Женя и Лапа пить не стали. Мне и подумать о спирте было невыносимо. Рвотная муть ходила где-то под горлом.
Просидели минут десять в тишине. Только качались как маятники. Потом Бесноватый вдруг заорал: «Не могу. Душа болит!»
Выхватил у Лапы из рук бутылку и прямо из горлышка быстро допил ее. Кинул пустую бутылку на пол. Стало ясно, что он сейчас разбушуется, как шторм.
Я попытался его урезонить: «Жень, ты бы сел. Скоро уже к Москве подъедем. Если будешь бушевать, менты на вокзале пристанут. Ты сам знаешь, в праздники они как мухи злые. А нам еще на метро ехать».
В ответ на это Бесноватый прорычал: «Иди ты... Советчик, бля! Жидюга! Я тебя знать не знаю, тварь. Чего приебался? Менты? Насрать на ментов. Москва? Ебал я твою Москву! Понял? Праздники? Да насрал я на твои праздники. Уу, гад, раздавлю!»
Он схватил меня за горло и начал душить. У меня в глазах почернело. Я попытался отодрать его руки, но это было все равно, что отдирать рельсы от шпал. Мелькнула мысль: «Конец истории...»
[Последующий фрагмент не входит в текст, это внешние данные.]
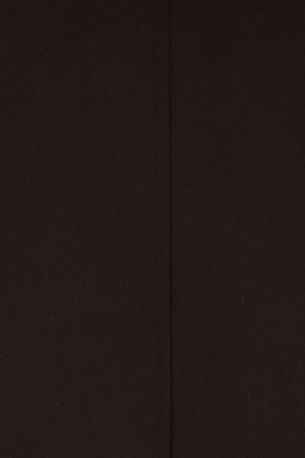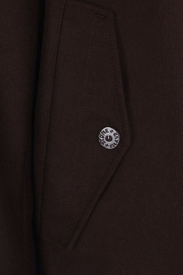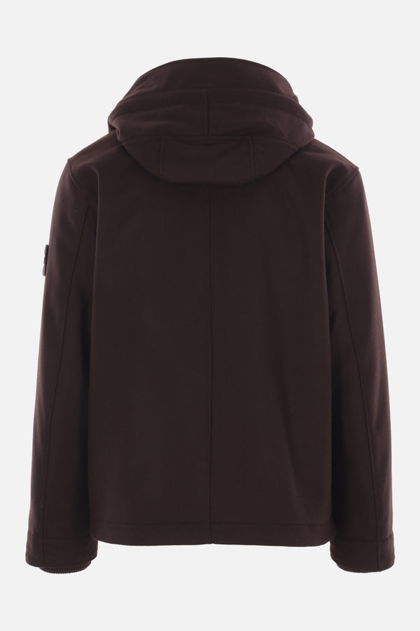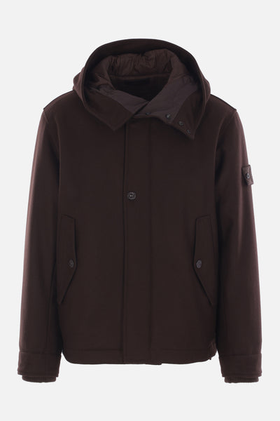 Stone Island padded parka crafted from dark brown wool flannel and nylon, featuring a removable logo badge. Designed with a high collar, hood with drawstring, two-way zip and snap-button front closure, flap pockets, long sleeves with ribbed cuffs, straight hem with drawstring, and quilted interior.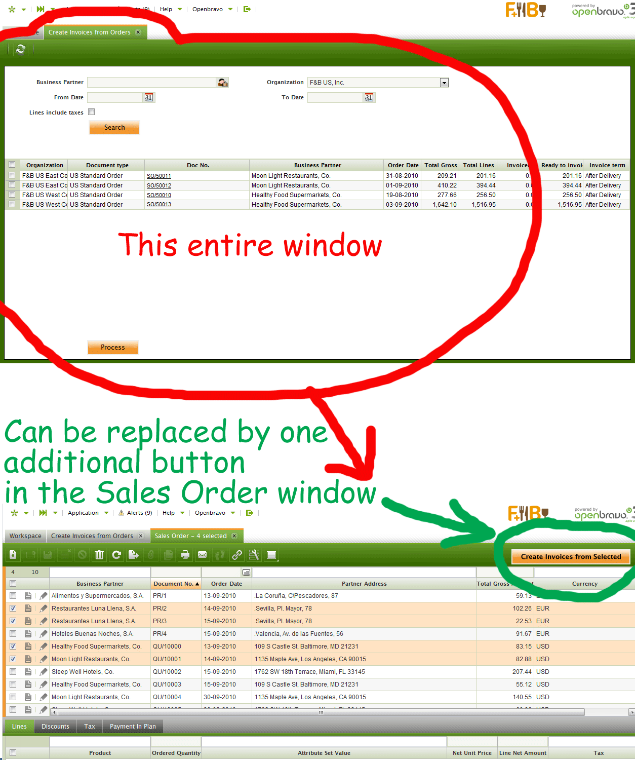 | Proposed Solution | Validation can be done upfront or after pressing the button. TBD. Here some ideas for the Create Invoices from Order process: - filters are set as implicit filter. As this task belongs to a specific role you can set these filters per role - filters are not set at at all. You just select a few orders and hit the "Create invoices from selected" button and then all selected objects are checked for their status. Then, if some records are not eligible, you can either overrule (e.g. creating an invoice now already, in spite of having set the invoice terms to x days) or skip. We could ask the user at this point. - you can also create invoices per line. Makes it easy to do partial invoicing | |||||||||||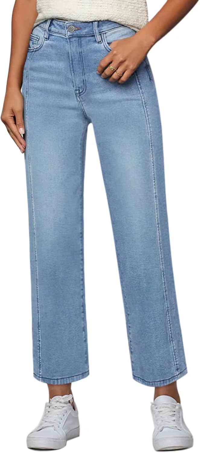 Womens Wide Leg Jeans High Waisted Stretchy Front Seams Ankle Length Straight Leg Jeans for Women
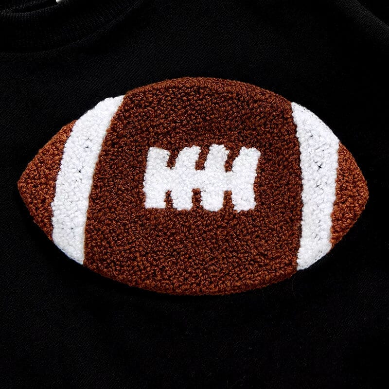 Get ready for game day with this stylish toddler boy set that sports a football theme, perfect for little sports enthusiasts. The set features a black sweatshirt with a textured football appliqué that adds a fun, tactile element for kids to enjoy. Paired with checkered pants in a complementary brown hue, this outfit blends classic style with sporty flair. This set is an excellent choice for family gatherings during sports seasons or just for a casual, playful look.
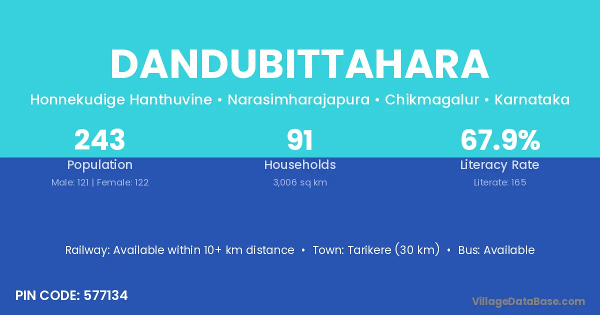Tarikere (30 km) is the nearest town to Dandubittahara village for major economic activities and is located approximately 30 km away.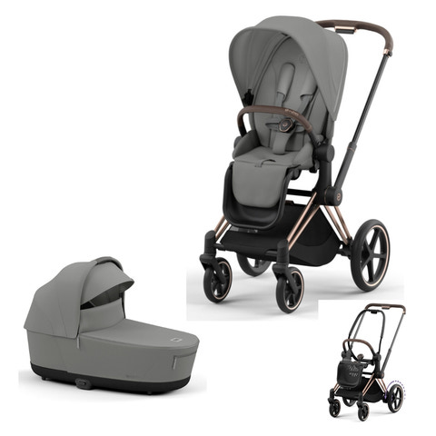 Cybex E-Priam Chassit har skumfyllda punkteringsfria hjul där dem främre hjulen är rörliga men går att låsa vid tuffare terräng. Fjädring över alla fyra hjulen vilket ger en behaglig tur för så väl barn som förälder. Stor varukorg som går att fälla ut för att få plats med ännu mer. Maxvikt på 5 kg i varukorgen. Chassit har ett teleskopshandtag klädd i lyxig läderimitation som går att justera i 4 olika lägen. Passar både längre och kortare föräldrar. Chassit går enkelt att fälla ihop med bara en hand. Sittdelen går även att fälla tillsammans med vagnen både när den är framåtvänd och bakåtvänd. Travelsystem, klicka enkelt på Cybex, besafe eller Maxi-Cosi babyskydd direkt på chassit. Höjden på sittdelen anpassad efter standarden för matbord. Kör bara in vagnen intill bordet så har ni en säker matstol under restaurangbesöket.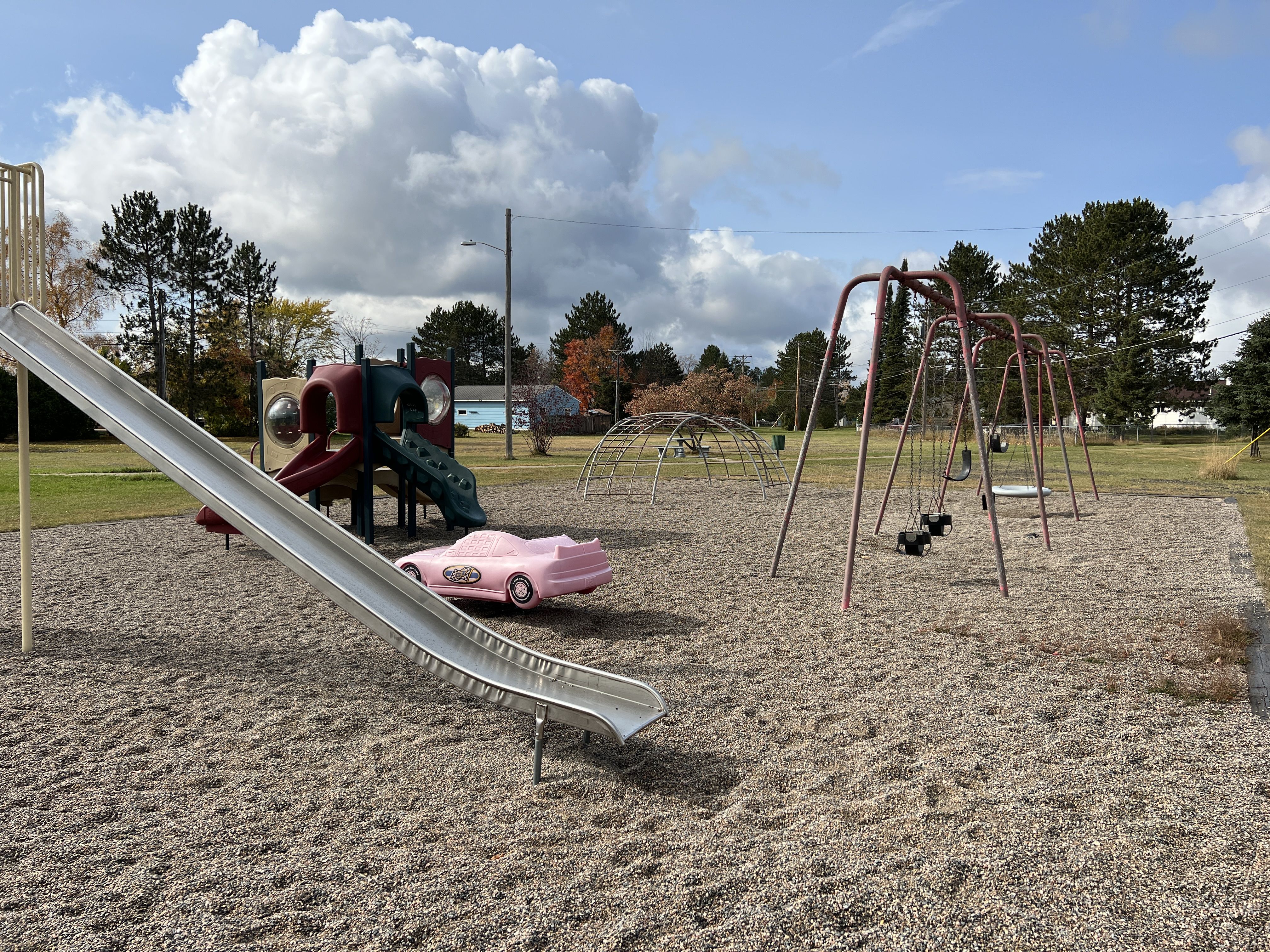 The City has updated the children's playground, located across from the Shopping Center. Picnic tables with shelter. This park is getting all new equipment, with expected installation of summer 2025.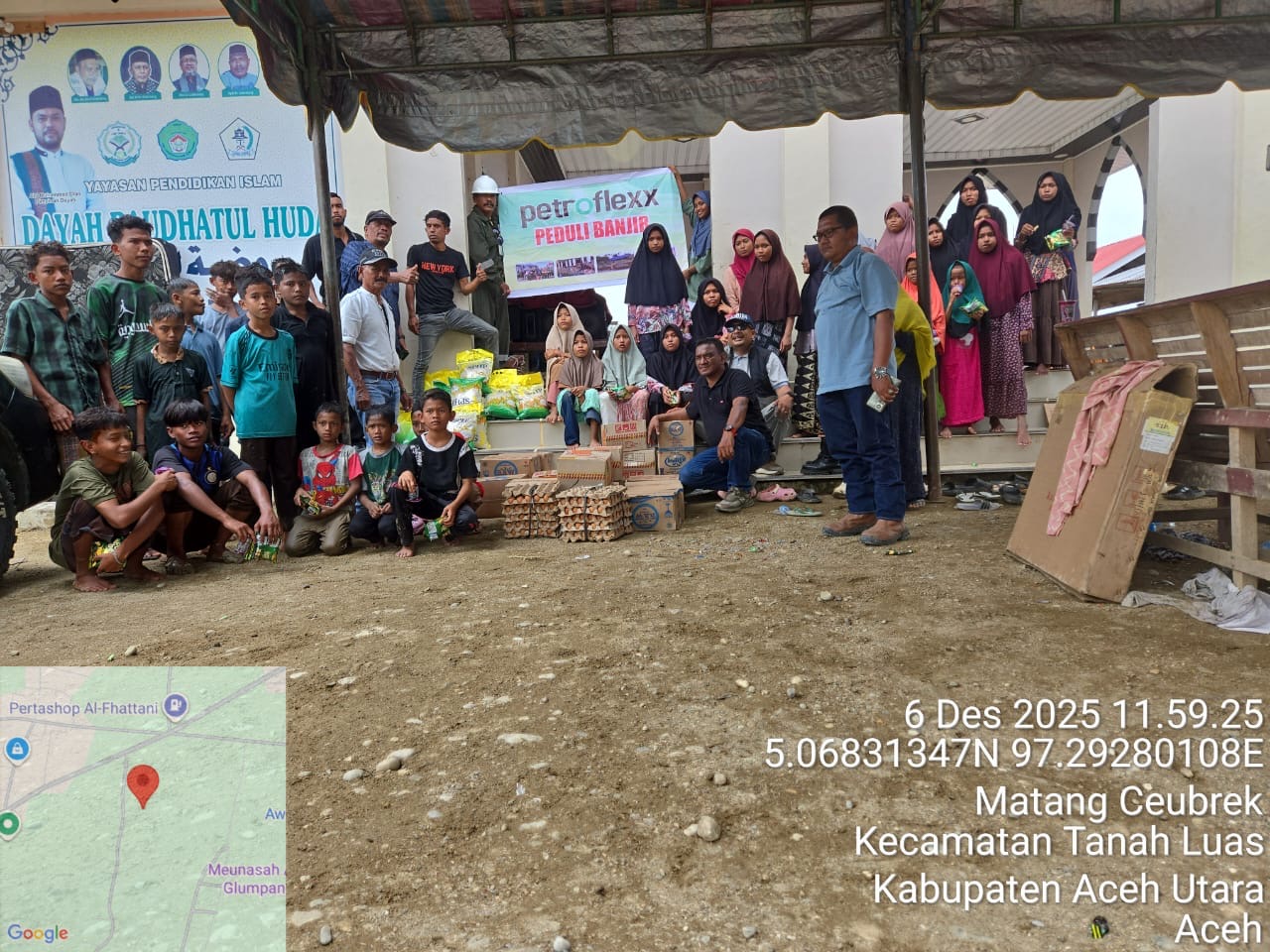 Aceh Utara, tintabangsa.com- Kepala humas PT. PetroFlexx Prima Daya Fauzan Hazima merasa prihatin terhadap kondisi para korban banjir, tidak tanggung-tanggung beliau beserta tim terjun langsung ke titik banjir seputaran wilayah kerja perusahaan tepatnya Kecamatan Matangkuli dan Tanah Luas, Kebupaten Aceh Utara, Minggu 07/12/2025.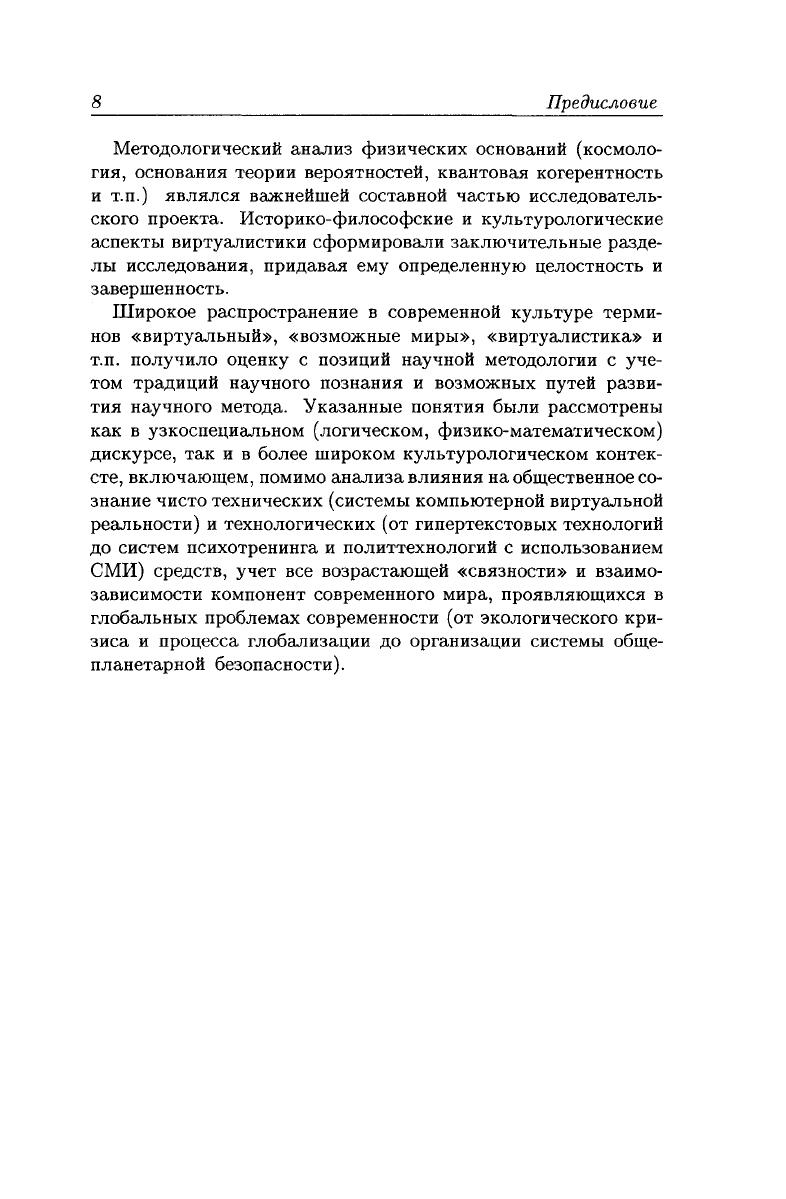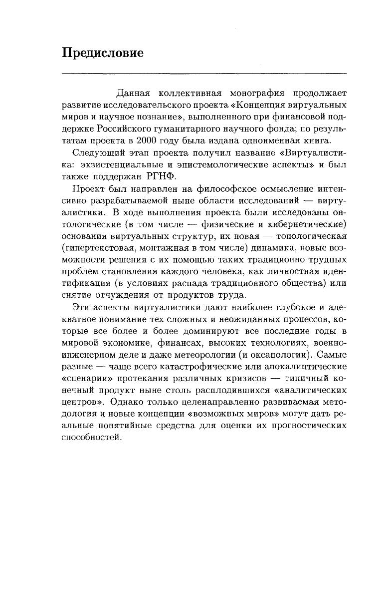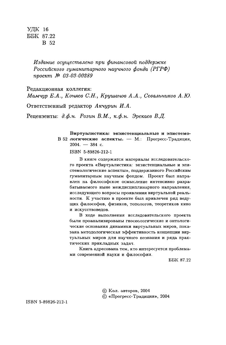 В книге содержатся материалы исследовательского проекта "Виртуалистика. Экзистенциальные и эпистемологические аспекты", поддержанного Российским гуманитарным научным фондом. Проект был направлен на философское осмысление интенсивно разрабатываемого ныне междисциплинарного направления, исследующего вопросы проявления виртуальной реальности. К участию в проекте был привлечен ряд ведущих философов, физиков, топологов, теоретиков кино и искусствоведов.
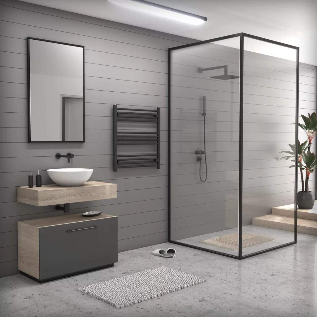 Törölközőszárító radiátor elektromos fűtőpatronnal 75 x 80 cm - Nero Italia AF-05-400W (fekete)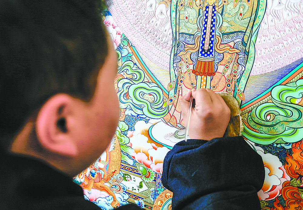 “唐卡”,被譽為世界上最繁瑣的工筆畫,圖為熱貢畫師繪制唐卡局部。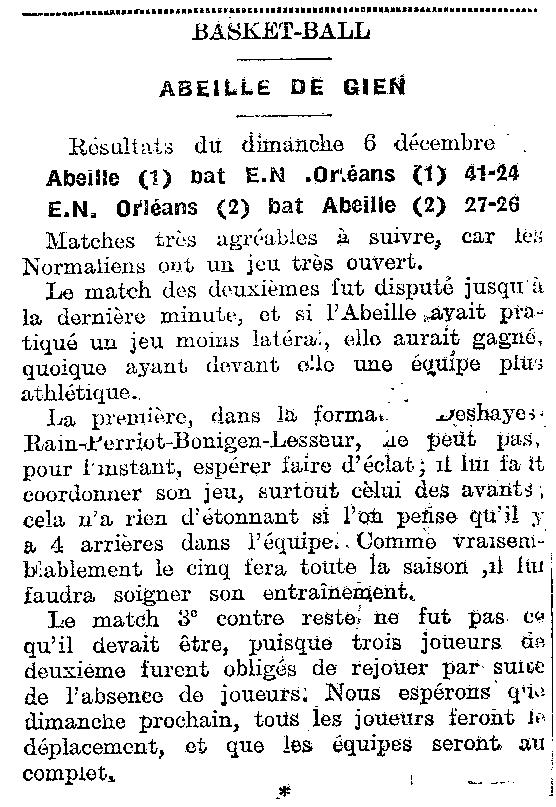 Saison 1936-1937 : Résultats des Matches Abeille de Gien (1) et (2) contre Ecole Normale Orléans (1) et (2)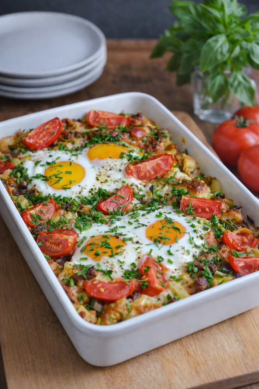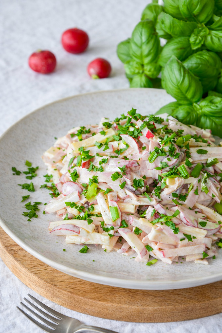 Jajka w wiosennym sosie z rzodkiewką i ogórkiem
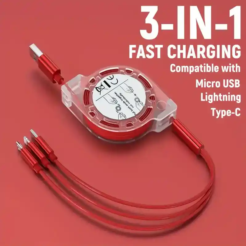 ๐ 3-in-1 Retractable Fast Charging Cable โ The All-in-One Power Solution!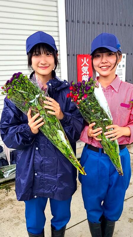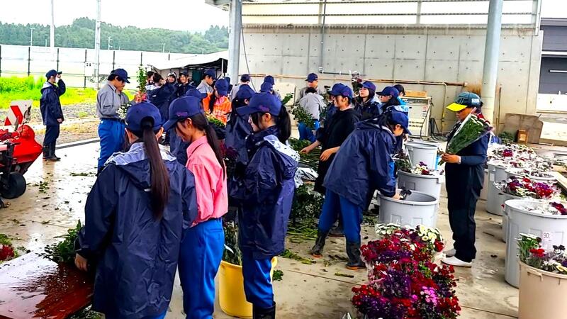 雨降りの実習となりましたが、みんなで協力して収穫と調製、袋詰めを行い、綺麗な花束として販売することができました。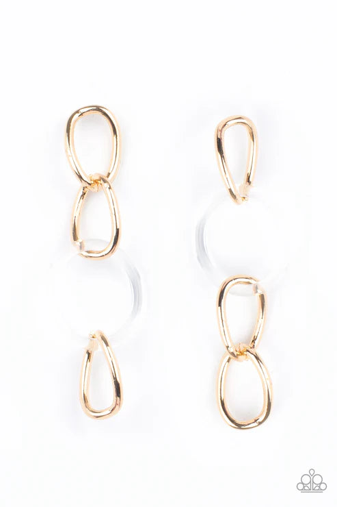 Bright gold oversized links, interrupted by a single large clear acrylic ring, fall from the ear in linked succession for an on-trend fashion statement. Earring attaches to a standard post fitting.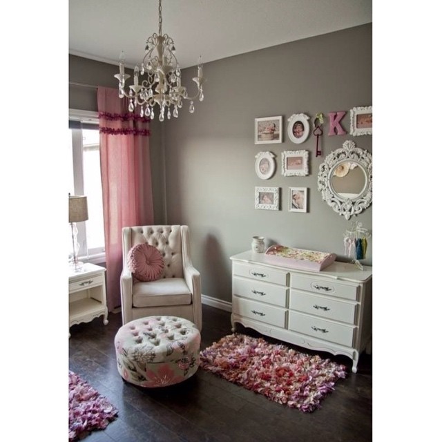 Белый, розовый и серый. Классическое сочетание цветов в классическом интерьере. #серый #розовый #белый #комод #коврик #кресло #рамки #люстра #гостиная #декор #дизайн #ремонт #москва #россия

Тут, как мне потом рассказал Лапа, Женю ударил Стасик. В грудь. И как косой скосил. Бесноватый расцепил свои клешни, опрокинулся, упал. Падая, ударился затылком о железную ручку на сиденье. Захрипел.
Мы с трудом подняли его и положили на лавку. Лапа достал закатившуюся под сиденье бутылку и вылил остатки спирта на рану на затылке. Выглядел Женя жалким и страшным. Черные с проседью волосы сбились в перья. Кровь залила шею и капала на пол. Лицо посинело. Глаза закатились. Пальцы скрючились, ногти почернели. До нас не сразу дошло, что наш приятель умер.
КУПАЛА
Накануне мне приснился сон. Будто я среди домов... плаваю. В потустороннем городе. Улиц и тротуаров там нет, везде вода. Нет ни людей, ни деревьев. Только огромные прямоугольные дома стоят в воде. Вода белая, тяжелая. А у домов - темные стены. Будто из самой тьмы спресованные.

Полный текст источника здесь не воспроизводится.